Żużlowiec przyznaje, że praca przed tym spotkaniem nie przebiega w nadzwyczajny sposób. Jednak łodzianie odbyli aż trzy treningi na własnym torze. - Jedziemy normalnie. Nie mamy jakiś innych przygotowań, ponieważ to zawsze nic nie daje. Trening treningiem ale to mecz weryfikuje wszystko - wyjaśnia zawodnik łódzkiego Orła.
W ćwierćfinale Indywidualnych Mistrzostw Polski swoje siły sprawdzić mogli trzej zawodnicy Orła: Damian Adamczak, Jakub Jamróg oraz Robert Miśkowiak. Całej trójce udało się wywalczyć awans do półfinału IMP. "Misiek" stwierdza, że tego typu zmagania są bardzo przydatne. - Robić treningi w warunkach meczowych, to jest całkiem co innego w ustawieniu sprzętu niż na normalnym treningu. Podczas ćwiczenia z zespołem możemy się bawić, próbować. Jednak takie zawody, bez względu na to czy się awansuję czy nie, sprawdzanie sprzętu w warunkach bojowych, meczowych, to jest pięć razy lepsze niż normalny trening - dodaje żużlowiec.

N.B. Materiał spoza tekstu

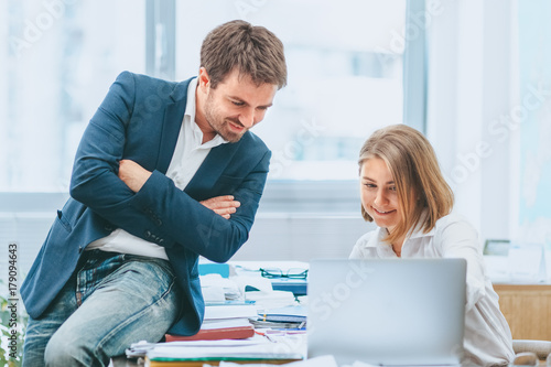 © Suteren Studio, Obraz premium Business team happy after positive feedback

Łódzki zespół nie rozegrał dwóch spotkań z rzędu. Możliwość rywalizacji z zespołem Eko-Dir Włókniarz Częstochowa oraz Holistic-Polska Rawicz odebrała pogoda. Przez silne opady deszczu mecze te zostały odwołane. Jednak zawodnik łódzkiego Orła nie roztrząsa tej sprawy. - Jest taka sytuacja i trzeba to zaakceptować. W Anglii czy Szwecji też przekładają mecze i nie ma co robić z tego tragedii. Trzeba wybierać dogodne terminy dla nas, żeby nie było jakiś wielkich przerw między jazdami oraz jednym meczem, a drugim. Trzeba brać pogodę jaka jest i czy mecz się odbędzie, czy nie, my musimy robić swoje. Przygotowywać się swoim tokiem - stwierdził Miśkowiak.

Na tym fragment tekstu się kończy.